● **Input records**:
◆ ◆ ◆ ◆ ◆ ◆ ◆
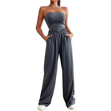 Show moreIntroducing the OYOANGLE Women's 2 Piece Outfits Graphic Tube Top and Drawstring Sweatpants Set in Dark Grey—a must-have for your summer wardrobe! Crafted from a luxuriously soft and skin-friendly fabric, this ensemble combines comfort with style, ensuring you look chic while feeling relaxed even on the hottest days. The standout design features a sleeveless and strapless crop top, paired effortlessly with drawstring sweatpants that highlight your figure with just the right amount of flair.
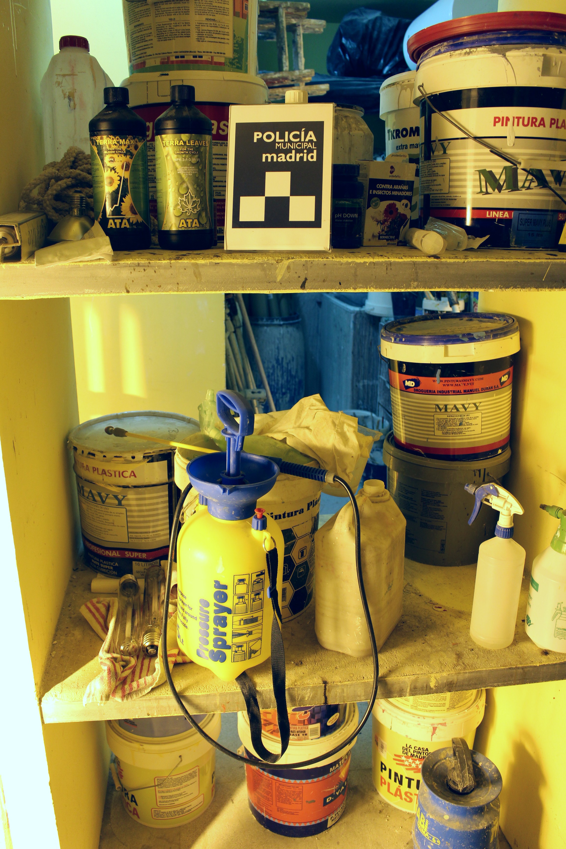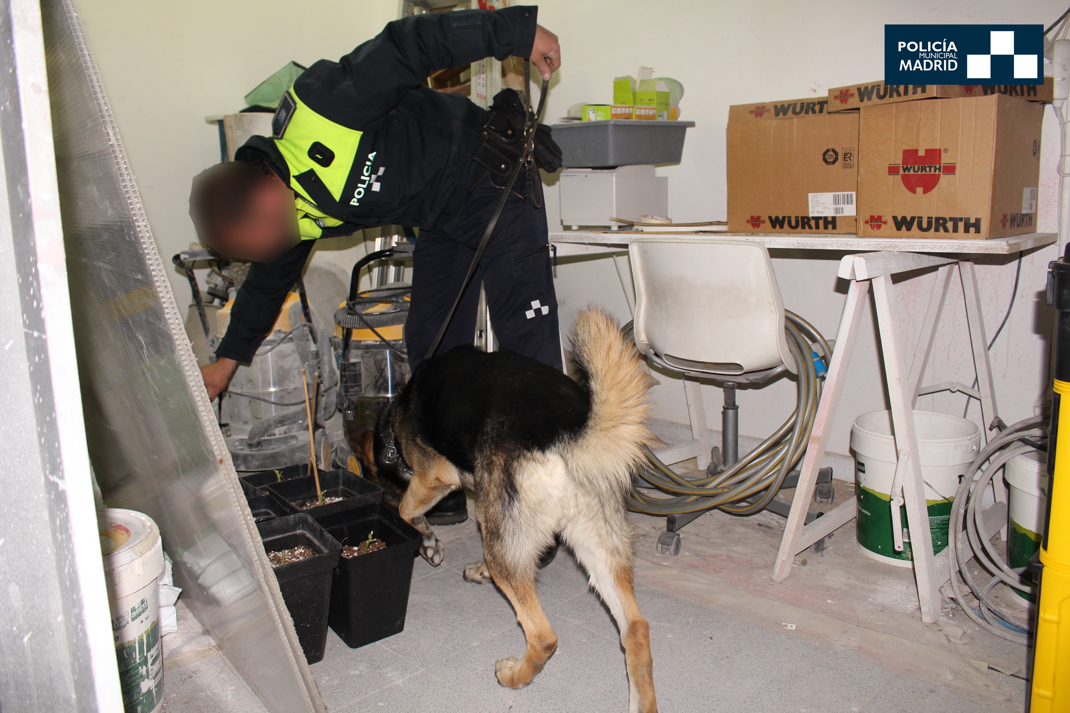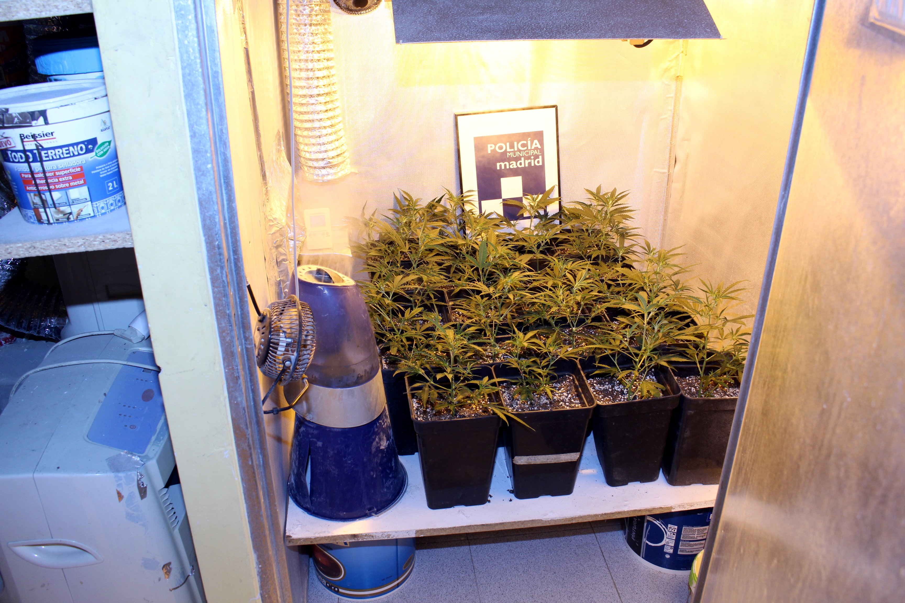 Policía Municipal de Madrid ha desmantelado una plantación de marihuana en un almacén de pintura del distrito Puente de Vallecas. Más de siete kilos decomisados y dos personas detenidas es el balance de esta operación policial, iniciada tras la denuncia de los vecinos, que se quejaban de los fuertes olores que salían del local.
◆ ◆ ◆ ◆ ◆ ◆ ◆
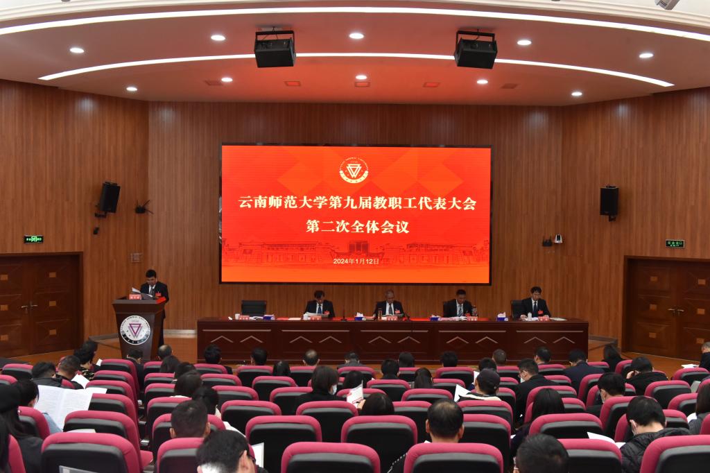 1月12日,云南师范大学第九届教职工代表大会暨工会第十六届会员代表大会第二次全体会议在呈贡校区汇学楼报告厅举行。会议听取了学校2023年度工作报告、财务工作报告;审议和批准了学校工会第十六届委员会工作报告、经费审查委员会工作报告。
◆ ◆ ◆ ◆ ◆ ◆ ◆
● **Exercise requirements**: When you reach the line with "Show moreIntroducing the" in the records above, begin repeating the lines exactly, and stop after the line with "Policía Municipal de". Skip all pictures.

● **Output for this task**:
 Show moreIntroducing the OYOANGLE Women's 2 Piece Outfits Graphic Tube Top and Drawstring Sweatpants Set in Dark Grey—a must-have for your summer wardrobe! Crafted from a luxuriously soft and skin-friendly fabric, this ensemble combines comfort with style, ensuring you look chic while feeling relaxed even on the hottest days. The standout design features a sleeveless and strapless crop top, paired effortlessly with drawstring sweatpants that highlight your figure with just the right amount of flair.
 Policía Municipal de Madrid ha desmantelado una plantación de marihuana en un almacén de pintura del distrito Puente de Vallecas. Más de siete kilos decomisados y dos personas detenidas es el balance de esta operación policial, iniciada tras la denuncia de los vecinos, que se quejaban de los fuertes olores que salían del local.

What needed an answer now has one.